Filippo Boniperti

Personal information
- Date of birth: 27 September 1991 (age 33)
- Place of birth: Turin, Italy
- Height: 1.76 m (5 ft 9 in)
- Position(s): Midfielder

Youth career
- Juventus

Senior career*
- Years: Team / Apps / (Gls)
- 2010–2013: Juventus / 1 / (0)
- 2011–2012: → Ascoli (loan) / 8 / (0)
- 2012: → Carpi (loan) / 12 / (1)
- 2012–2013: → Empoli (loan) / 0 / (0)
- 2013–2015: Parma / 2 / (0)
- 2013–2014: → Crotone (loan) / 5 / (0)
- 2014: → Gorica (loan) / 13 / (4)
- 2014–2015: → Mantova (loan) / 26 / (3)
- 2015–2016: Alessandria / 11 / (2)
- 2016–2017: Mantova / 10 / (0)
- 2017: Cuneo / 5 / (0)

International career
- 2010: Italy U19 / 2 / (0)

= Filippo Boniperti =

Italian professional footballer

Filippo Boniperti (born 27 September 1991) is an Italian professional footballer who last played as a midfielder for Cuneo.

==Club career==
Born in Turin, Boniperti is a Juventus youth product. He made his professional debut for Juventus on 16 December 2010 in a Europa League game against Manchester City. His Serie A debut came on 22 May 2011 in Juventus' final game of the 2010–11 season, in which he came on as a substitute for Simone Pepe at the start of the second half. Boniperti was loaned to Ascoli for the 2011–12 season.

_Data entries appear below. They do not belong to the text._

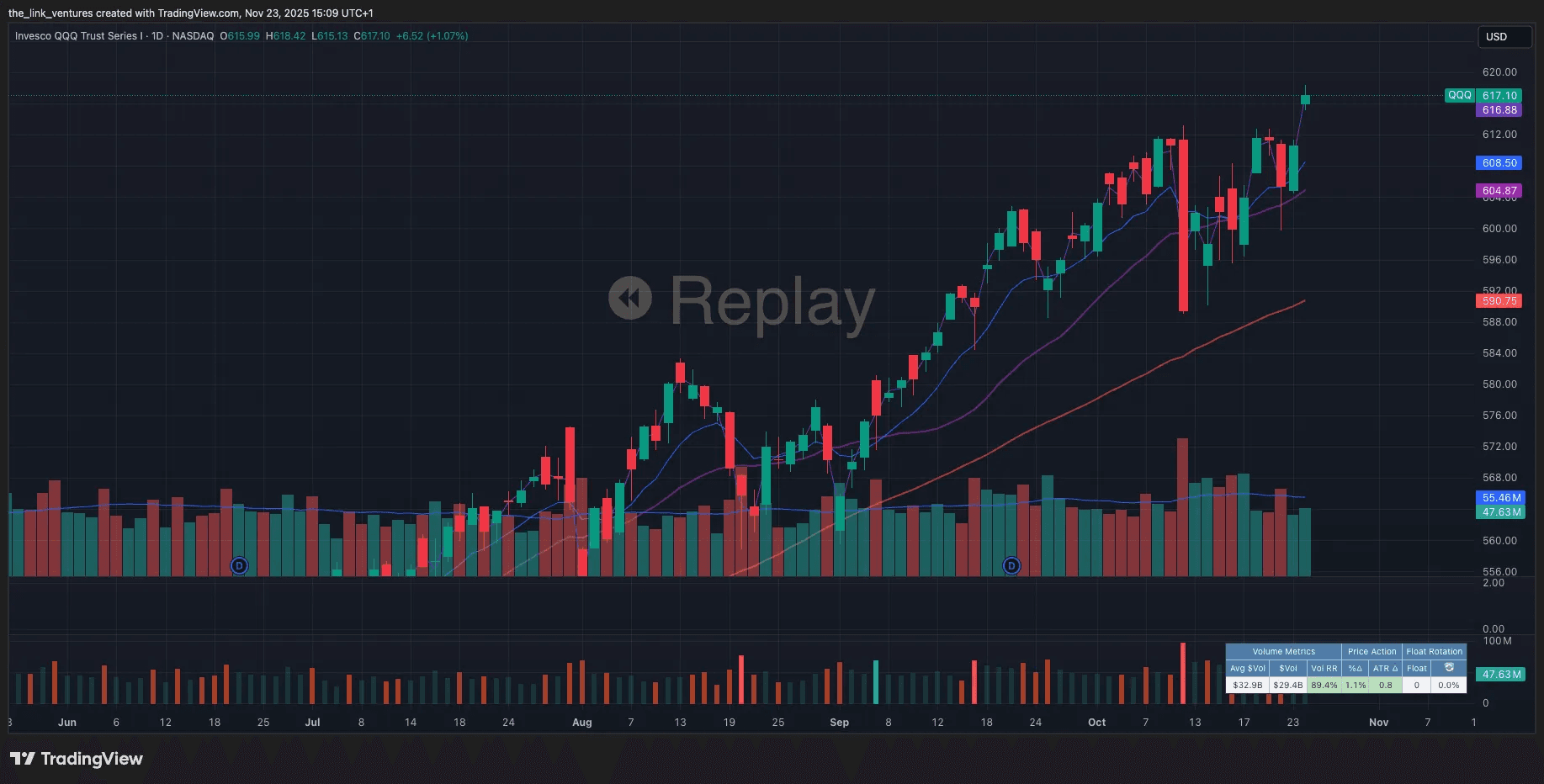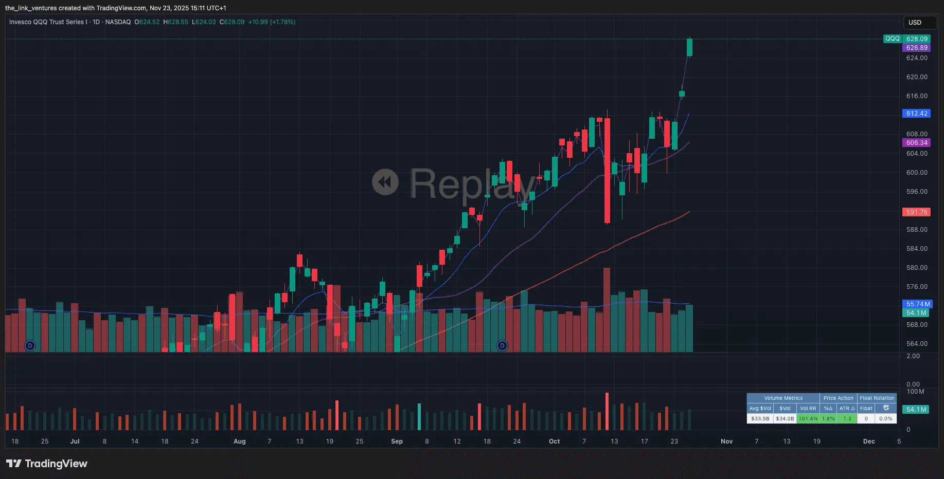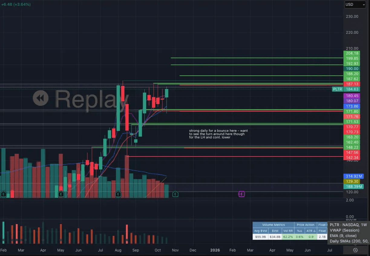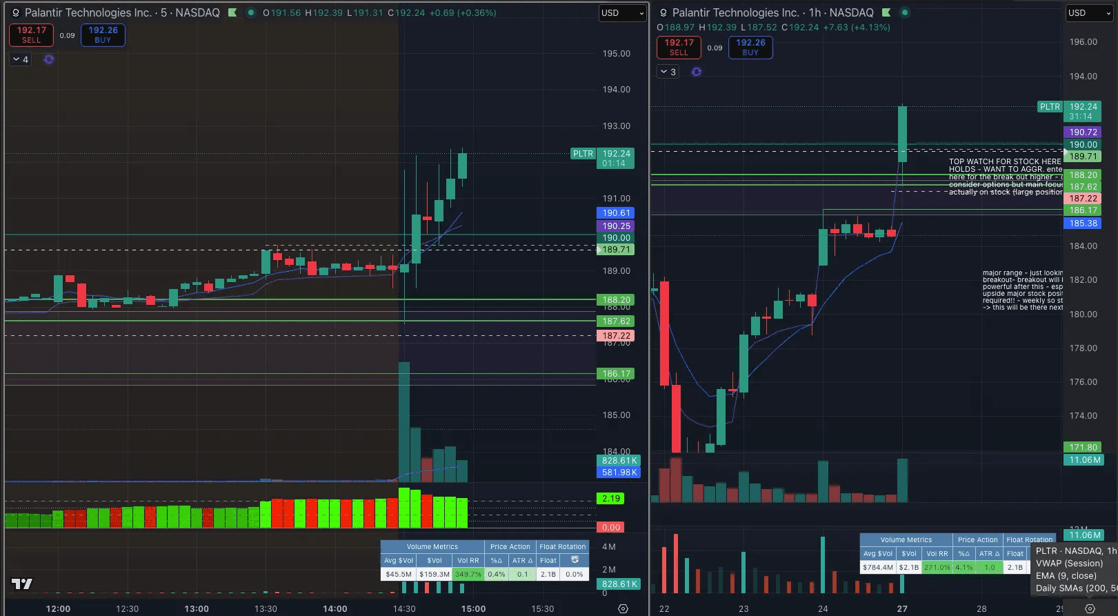 The market clearly remains long here which should allow for favourable beta on the PLTR trade. On the following Monday morning, we actually gap up again on the back of political news over the weekend. This set up a potential market overextension which could have an impact on the PLTR trade if the market is not able to hold higher. Thus, monitoring the broader market and main contributors to the indices was crucial.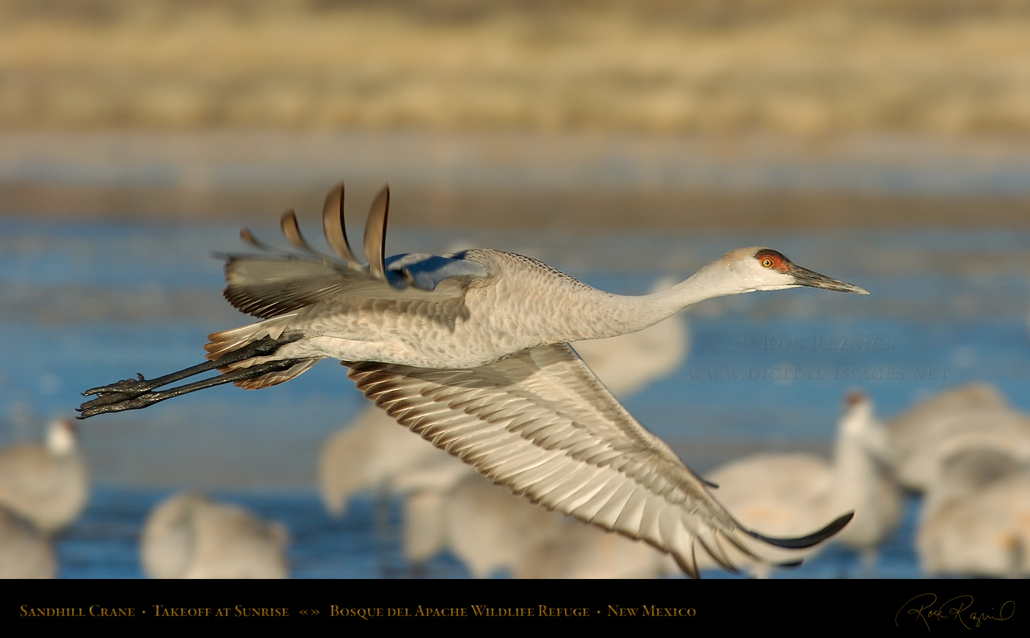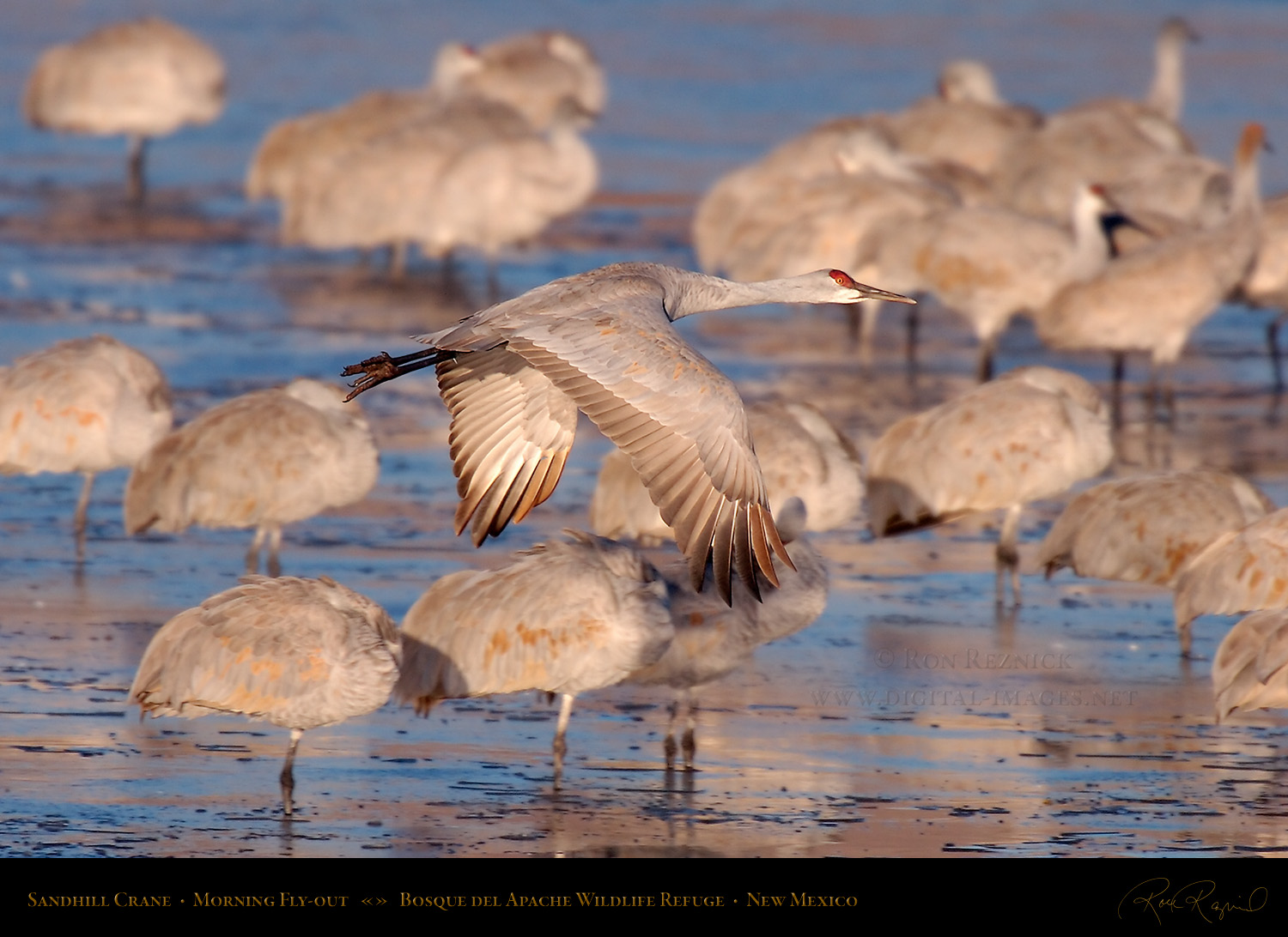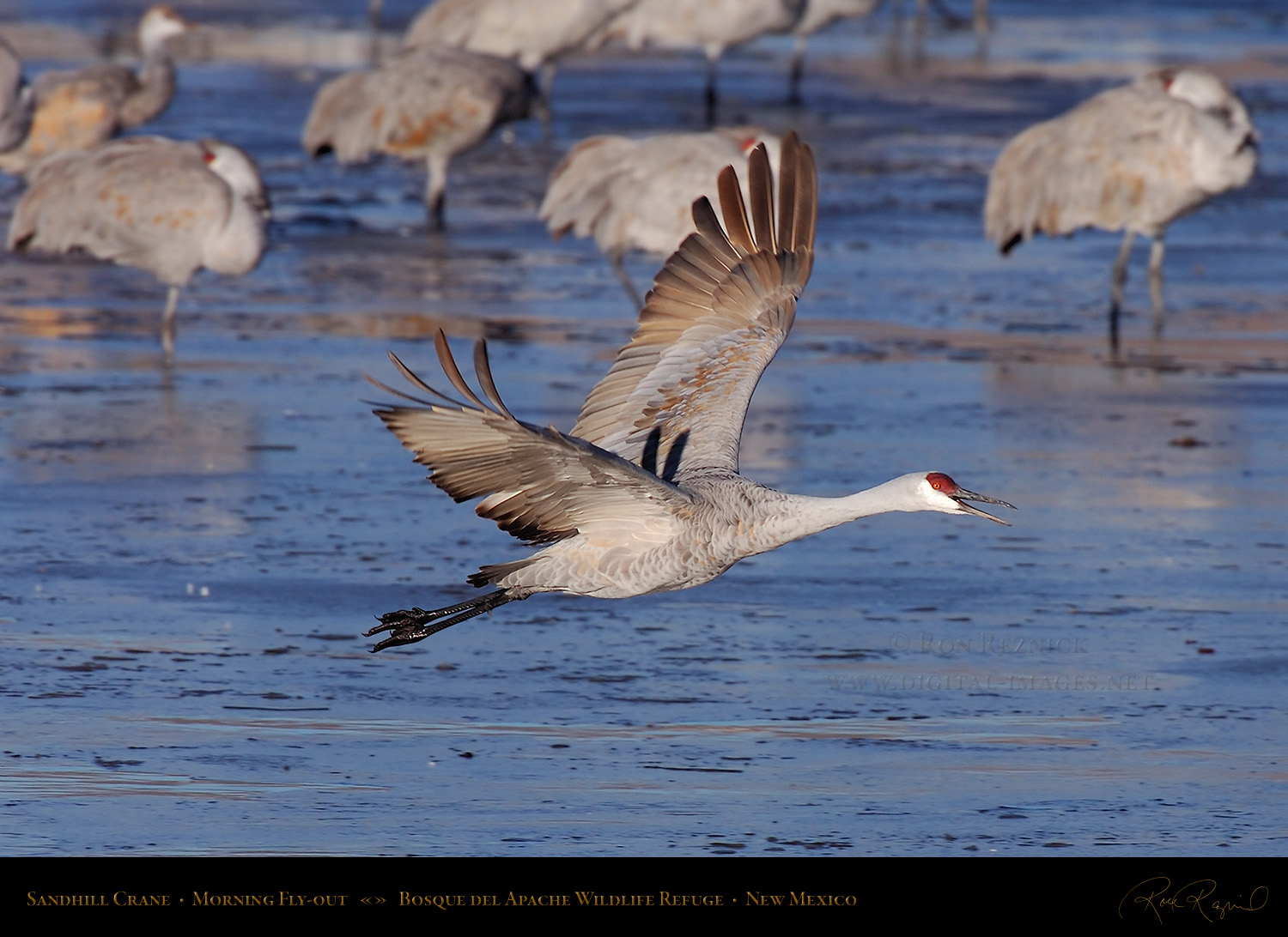 A Sandhill Crane flies out to the farm fields, leaving the pond and his sleeping fellows behind after breaking free of the ice on a cold January morning at Bosque del Apache.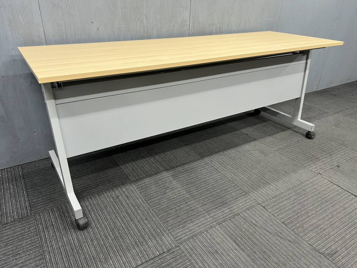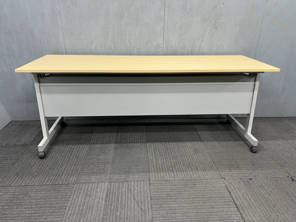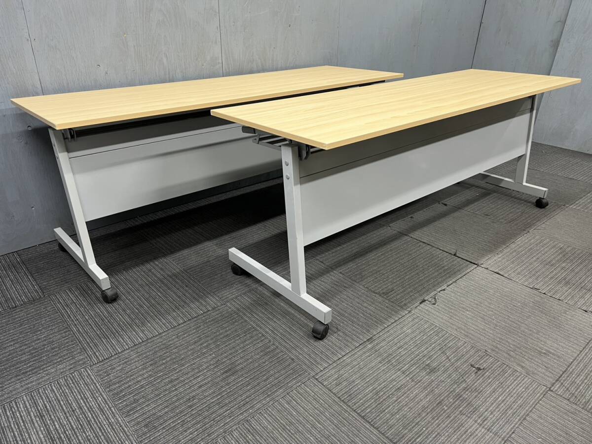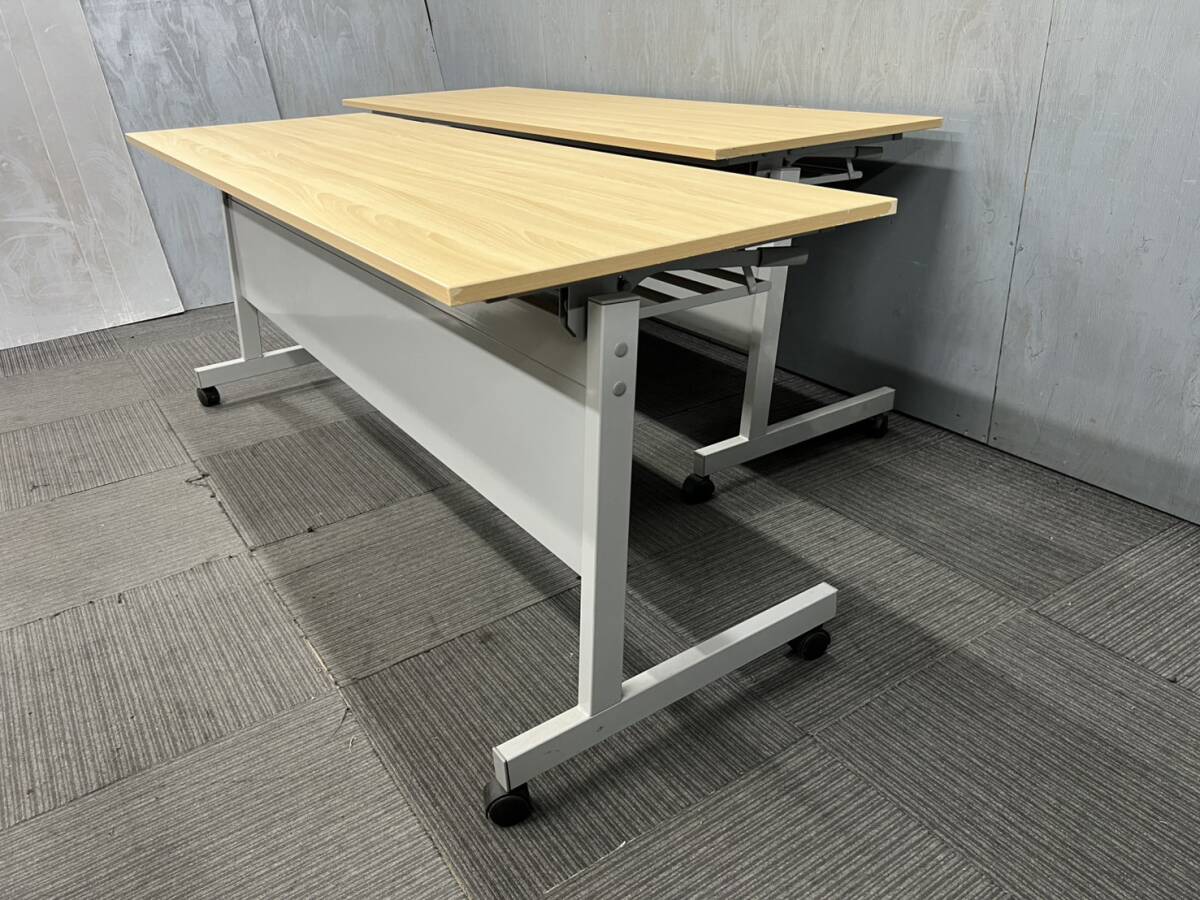 ◆管907◆自社便対応地域あり◆アスクル◆幕板付き会議ミーティングスタック折畳テーブル◆2台セット◆幅1800mm◆天板 メープル系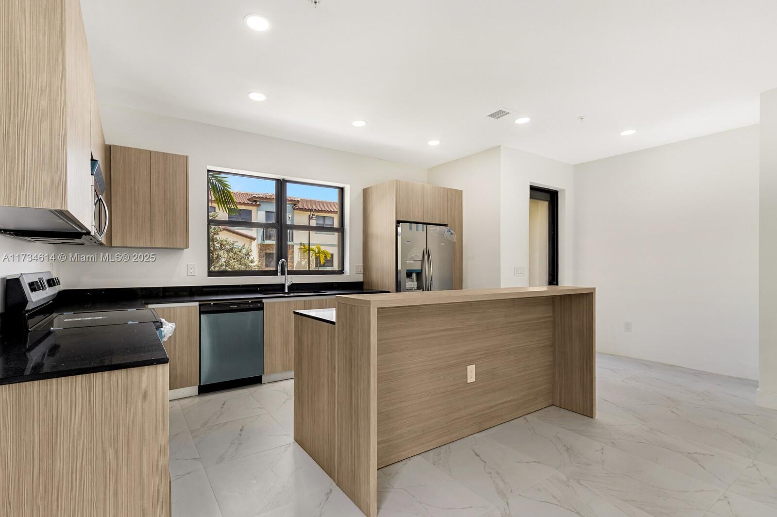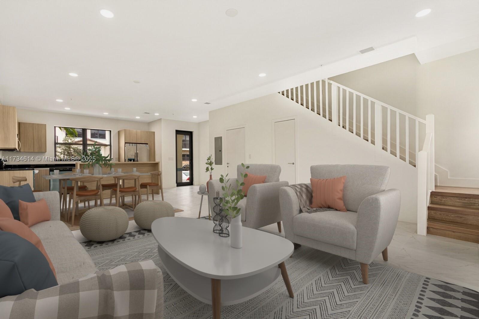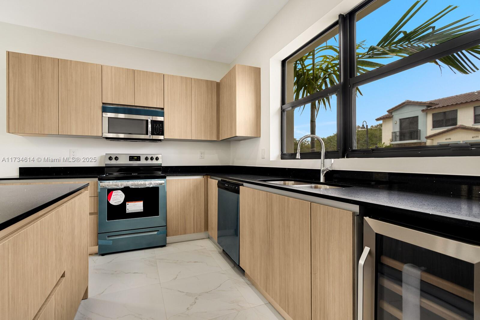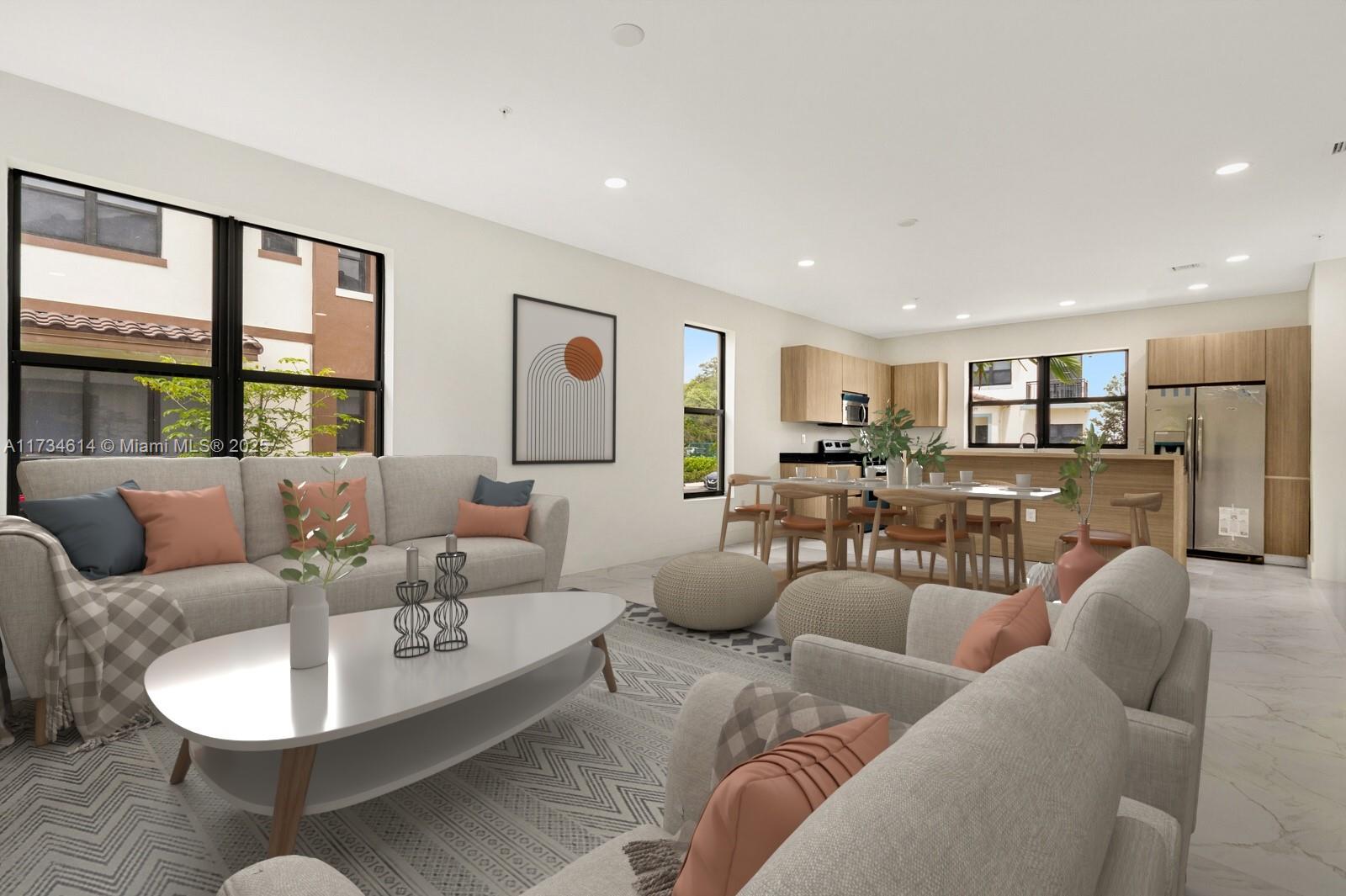 You will LOVE to live in THE BEST townhome in a newer, quiet & friendly community. Its corner location gives you extra windows, more natural light, added space on the side & is the closest to the huge park & shopping nearby. Enjoy high quality modern finishes throughout 2 levels with volume ceilings & LED lights. Cook in your chef's kitchen with stainless steel appliances, quartz countertops & wine storage; first floor is all open & includes a powder room; impact glass to protect from hurricanes & keep the inside quiet & peaceful. Porcelain floors on the 1st floor and laminate on the 2nd, which also includes all the bedrooms, 2 full baths; washer & dyer and ample closet space for a comfortable living for you & yours. A fabulous landlord looking for an awesome tenant @ a great rental price!

On 31 January 2013, he joined Parma, while Alberto Gallinetta moved to Juventus.

In summer 2015, he was signed by Alessandria. On 18 July 2016, he was released.

After his release from Alessandria he rejoined Mantova.

==Personal life==
Filippo is the grandson of the late footballer and Juventus honorary president Giampiero Boniperti.